What is grief and why do we have to experience such an unpleasant emotion?
Let us first take a look at the Webster Dictionary Meaning of grief-1. deep sorrow especially caused by someones death.
Daily Wisdom Word Meaning of Grief-1. an emotion attached to some form of loss to something/someone you cared about.
Grief happens in five stages according to the Kubler-Ross model. These five stages happen chronologically, and occur in this order: 1. Denial 2. anger 3. bargaining, 4. depression 5. Acceptance
Grief and these five stages are normal when losing someone and although most common to happen in chronological order, don’t always happen that way. If you talk to someone that has been through grief, they may experience it a different way.
If you talk to counselors and Psychologists, they will tell you that grief is experienced differently depending on who has lost the individual they are grieving about. Some people celebrate the death of someone otherwise known as a wake rather than a funeral. Others do nothing but cry. Grief is sad to me. From the people I have lost closest to me in life, I stick more to the model of grief, first going through denial.
When I first lost my father, five years ago, the first thing I remember thinking was I just could not believe he was gone. It always seemed that my father was so strong he would live on forever, and I couldn’t believe he was diagnosed with a terminal illness to begin with. He was diagnosed with Brain Cancer which is supposed to be extremely painful, but looking at him until about five days before his death, you couldn’t tell he was dying or experiencing pain, so the first stage of my grief was definitely denial. Then, came anger. I felt logically I didn’t have the right to feel angry because he had lived 87 years of life, but I found myself angry over his death anyway.
The next stage of grief, bargaining, I also found myself doing.

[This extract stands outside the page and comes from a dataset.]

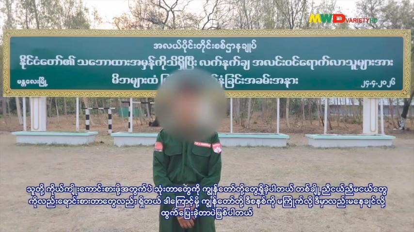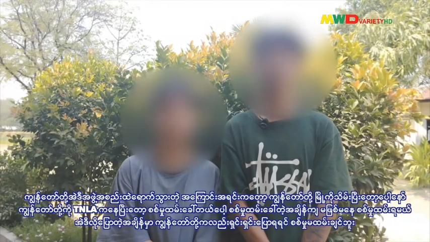 ၃။ ကျွန်တော်တို့ အဲဒီအဖွဲ့အစည်းထဲ ရောက်သွားတဲ့ အကြောင်းအရင်းကတော့ ကျွန်တော်တို့မြို့ကို သိမ်းပြီးတော့ ကျွန်တော်တို့ကို TNLA ကနေပြီးတော့ စစ်မှုထမ်းခေါ် တယ်။ စစ်မှုထမ်းခေါ်တဲ့အချိန်ကျတော့ မဖြစ်မနေစစ်မှုထမ်းရမယ်။ အဲဒီလိုပြောတဲ့ အချိန်မှာ ကျွန်တော်တို့ကလည်း ရှင်းရှင်းပြောရရင် စစ်မှုမထမ်းချင်ဘူး။ အဲဒီအချိန်မှာ ကျွန်တော် တို့ကို ပကဖ အဖွဲ့အစည်းကနေပြီးတော့ ဒီအဖွဲ့အစည်းထဲဝင်လာခဲ့ပါ။ ဒီအဖွဲ့ အစည်းထဲ ဝင်ပြီးသွားရင် မင်းတို့ကို စစ်မှုလည်းမထမ်းခိုင်းတော့ဘူး။ မင်းတို့ထွက်ချင်တဲ့ အချိန်ပြန်ထွက်လို့ရတယ် ဆိုပြီးတော့ ကျွန်တော်တို့ကိုအယုံသွင်းပြီး လိမ်ခေါ်လာခဲ့တယ်။ ကျွန်တော်တို့ ပြန်ထွက်မယ် ပြောတော့ သူတို့ကပေးလည်းမထွက်တော့ပါဘူး။ ထွက်ချင်ရင် တစ်ယောက် ၁၀ သိန်းပေးရမယ်ဆိုပြီး ကျွန်တော်တို့ကိုပြောပါတယ်။ သင်တန်း ကို သုံးလ ခွဲတက် ရပါတယ်။ သင်တန်းတက်တဲ့အချိန်မှာ တောထဲတောင်ထဲမှာ ဆိုတော့ အနေဆင်းရဲ တယ်။ စားတဲ့အခါကျတော့လည်း ထမင်းအသိုးတွေနဲ့ လည်းစားခဲ့ရ တယ်။ လုံးဝမစားရတဲ့ ရက်တွေလည်းရှိတယ်။ ကျွန်တော်တို့ကို ကျတော့ အမြဲတန်းအပြစ်မရှိ အပြစ်ရှာပြီးရိုက် တယ်။ ရိုက်ပြီးမိုက်မိုက်ရိုင်းရိုင်း လည်းဆဲ ပါတယ်။ ကျွန်တော်တို့သင်တန်းဆင်းပြီးတော့ ကျွန်တော်တို့ကို မိုးကုတ်မှာဘဲ တာဝန်ထမ်းဆောင်ရတယ်။ ကျွန်တော်က အသက်မပြည့် သေး တဲ့အတွက် သူတို့က ရှေးတန်းကို မထွက်ခိုင်းဘူး။ နောက်တန်းမှာပဲ သူတို့ အတွက် အလှူခံ ပြီး ပိုက်ဆံရှာပေးရတယ်။ ပြည်သူတွေဆီက အလှူခံထားတဲ့ ငွေတွေကိုလည်း သူတို့တွေက အလွဲသုံးစားလုပ်တယ်။ အောက်ကရဲဘော် တွေကို မကြည့်ကြဘူး။ ပြီးရင် မူးယစ်ဆေးသုံးတဲ့သူတွေလည်းရှိတယ်။ ခေါင်းဆောင်ပိုင်းထဲက အဲဒီလိုမျိုး ပြည်သူ တွေဆီ က အလှူခံထားတဲ့ငွေကိုလည်း သူတို့အပျော်အတွက်သုံးကြ တယ်။ ကျွန်တော်တို့အဲဒီမှာ နေရတာ ကျတော့ ကျွန်တော်တို့အဖွားအရွယ် လောက်ရှိတဲ့ အမေအိုကြီးကို သူတို့ ယောက်ကျားသားတွေ နှစ်ယောက် သုံးယောက်လောက်က ဘာမှမဟုတ်ဘဲနဲ့ သက်သေ မခိုင်လုံတဲ့ကိစ္စတွေနဲ့ ပတ်သက်လို့ သူတို့ချုပ်နှောင်တယ်။ ပြီးတော့ ဖိနပ်တွေနဲ့ဝိုင်းရိုက်တာ မျိုးတွေ လည်းရှိတယ်။ ကျွန်တော်တို့လည်း သူတို့ရဲ့ ညှင်းပန်းနှိပ်စက်မှုတွေ ကြည့်ပြီး ကျွန်တော်တို့လည်း ကျွန်တော်တို့ကို ကျွန်တော်တို့ ရှက်လာတယ်။ ပြီးတော့ ကျွန်တော်တို့ အရမ်းမှားနေပြီထင်ပြီး ကျွန်တော်တို့ တပ်မတော်ထံ အလင်းဝင် လာတယ်။ ကျွန်တော်တို့ အလင်း ဝင်လာတဲ့အခါမှာလည်း တပ်မတော်မှ တာဝန်ရှိသူများက ကျွန်တော်တို့ကို နွေးနွေး ထွေးထွေးကြိုဆိုတယ်။ လိုလေသေး မရှိအောင်ထားပါတယ်။ ပြီးတော့ မကြာခင်မှာ ကျွန်တော်တို့မိဘတွေနဲ့ ပြန်

I found myself negotiating with God. I found myself asking him to roll back time, and take his death back. That of course, didn’t happen. The next stage of grief I found myself feeling was depression. I would think of him all the time and miss him. Finally there was acceptance. I still felt sad, but I had definitely accepted the fact he was gone.
Grief is experienced differently by everyone any professional will tell you and doesn’t always follow textbook stages such as the ones I’ve described. Everyone is different and so is our grief.
Thank you for reading about grief with me today. I appreciate you reading my posts and thank you for your poems and quotes and stories about each days daily wisdom word.